● **DATA PROVIDED**
::::::

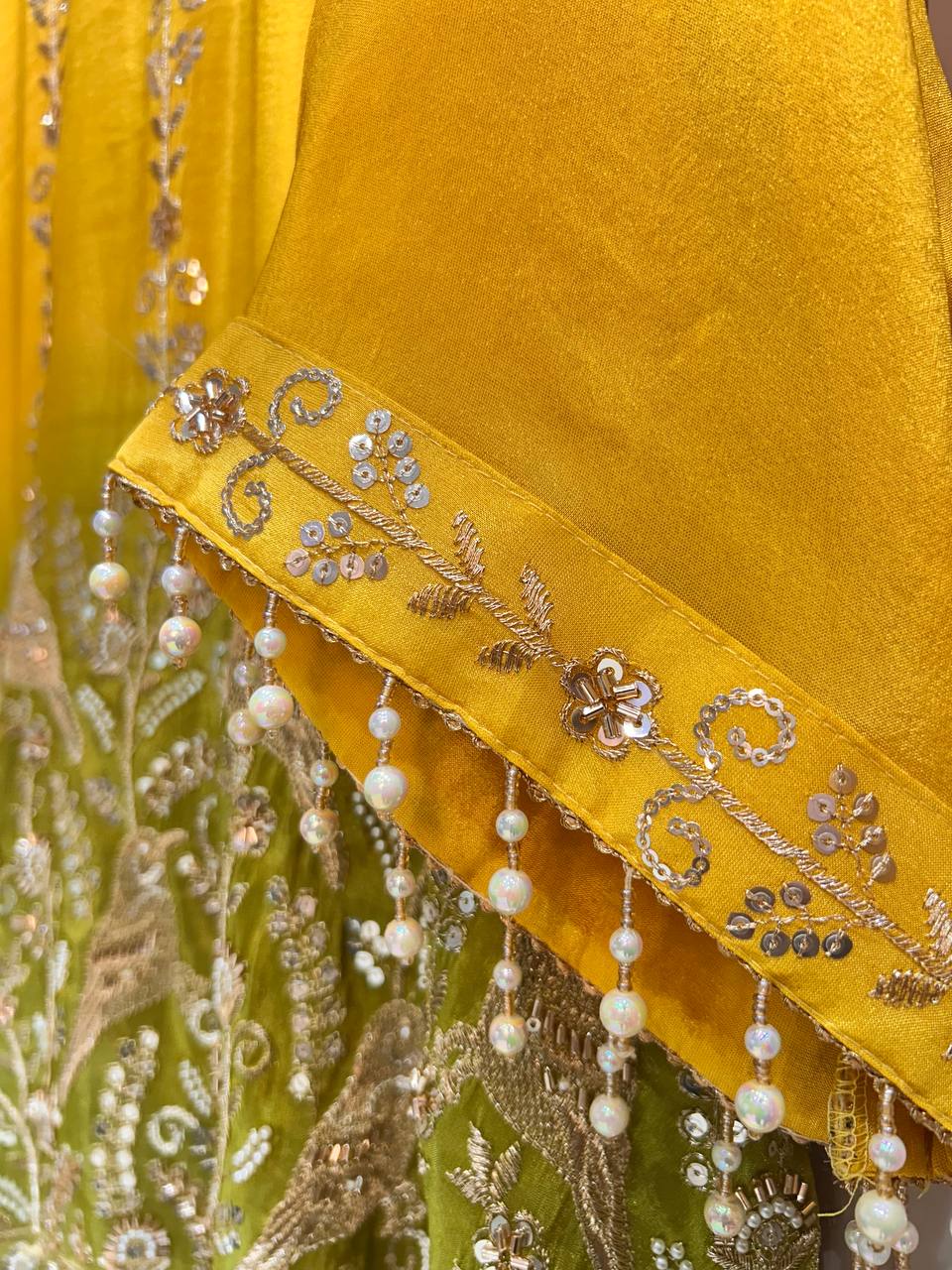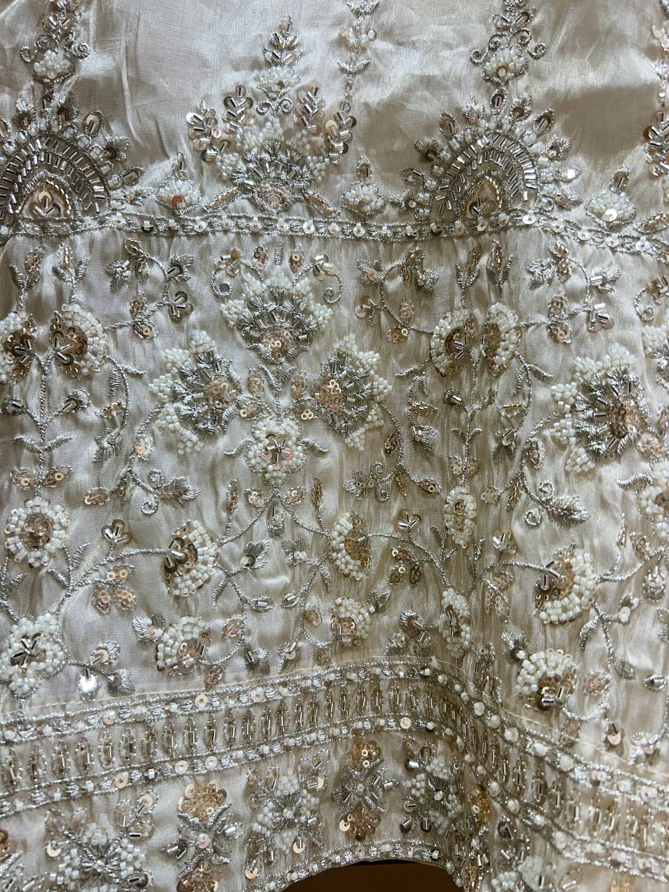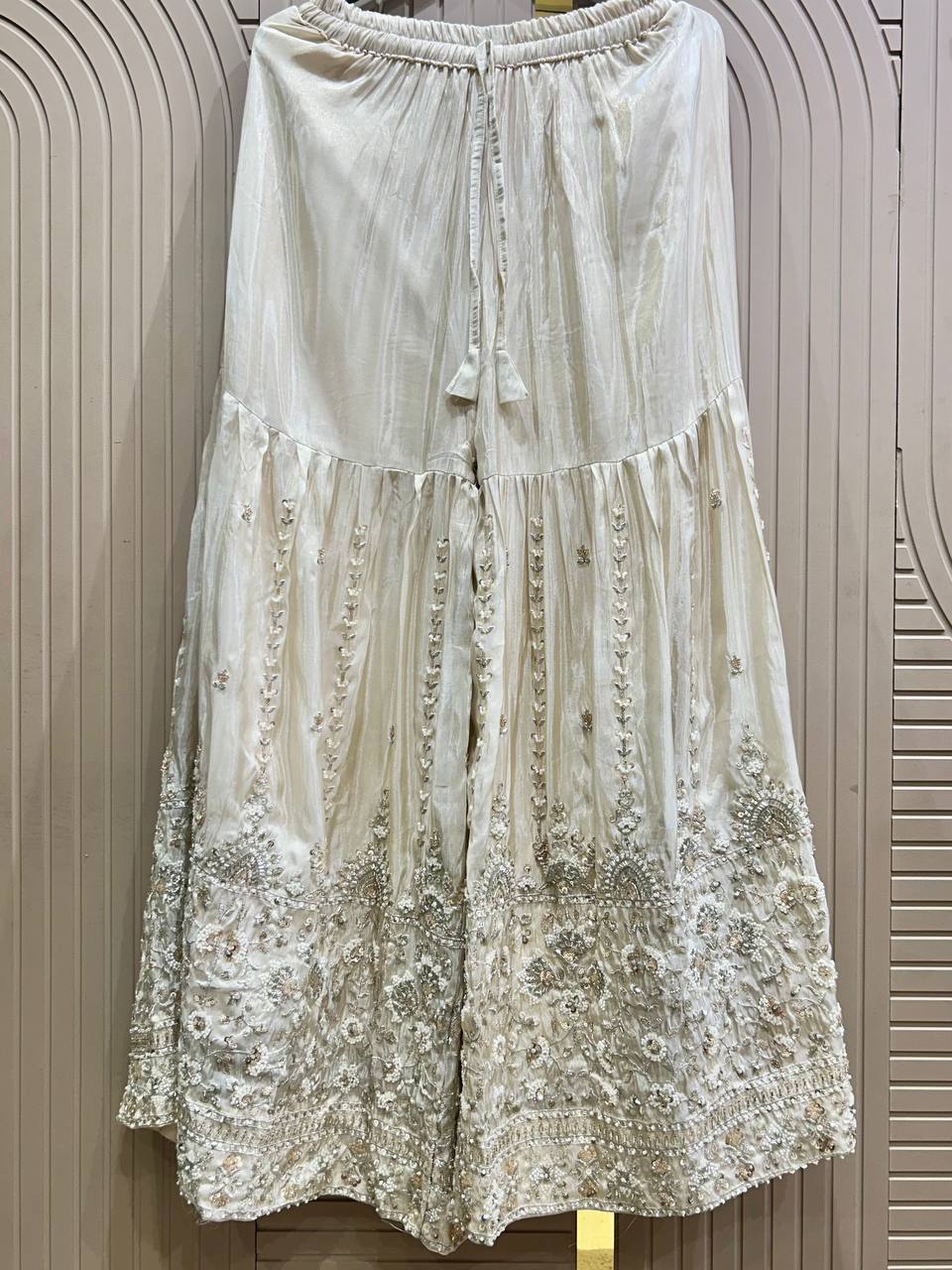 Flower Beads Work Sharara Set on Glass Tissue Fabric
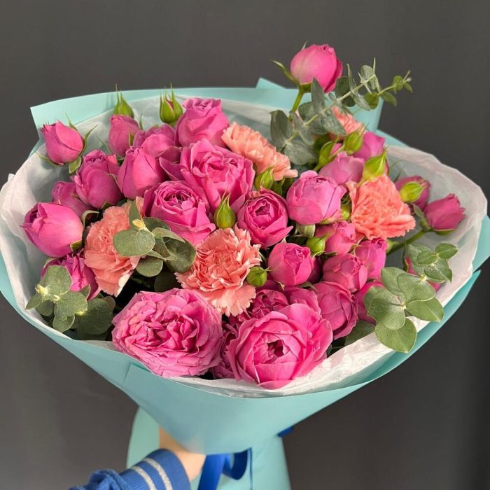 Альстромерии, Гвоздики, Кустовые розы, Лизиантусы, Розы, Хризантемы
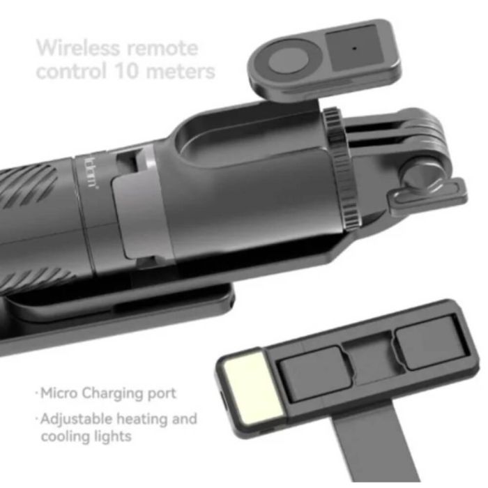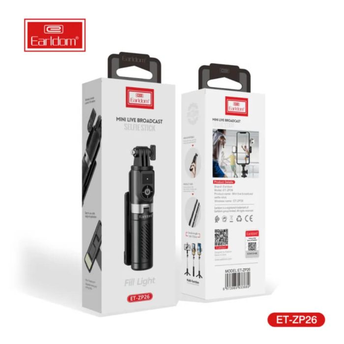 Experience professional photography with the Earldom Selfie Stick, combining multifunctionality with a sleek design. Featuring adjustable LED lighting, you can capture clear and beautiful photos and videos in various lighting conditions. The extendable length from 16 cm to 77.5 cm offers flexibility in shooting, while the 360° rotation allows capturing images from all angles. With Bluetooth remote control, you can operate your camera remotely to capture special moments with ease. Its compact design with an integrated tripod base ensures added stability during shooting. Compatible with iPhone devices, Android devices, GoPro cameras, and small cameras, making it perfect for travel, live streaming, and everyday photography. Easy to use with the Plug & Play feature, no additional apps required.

::::::

● **ABOUT THIS EXERCISE**
Please copy out the whole listing exactly, minus its pictures.

● **EXERCISE ANSWER**
 Flower Beads Work Sharara Set on Glass Tissue Fabric
 Альстромерии, Гвоздики, Кустовые розы, Лизиантусы, Розы, Хризантемы
 Experience professional photography with the Earldom Selfie Stick, combining multifunctionality with a sleek design. Featuring adjustable LED lighting, you can capture clear and beautiful photos and videos in various lighting conditions. The extendable length from 16 cm to 77.5 cm offers flexibility in shooting, while the 360° rotation allows capturing images from all angles. With Bluetooth remote control, you can operate your camera remotely to capture special moments with ease. Its compact design with an integrated tripod base ensures added stability during shooting. Compatible with iPhone devices, Android devices, GoPro cameras, and small cameras, making it perfect for travel, live streaming, and everyday photography. Easy to use with the Plug & Play feature, no additional apps required.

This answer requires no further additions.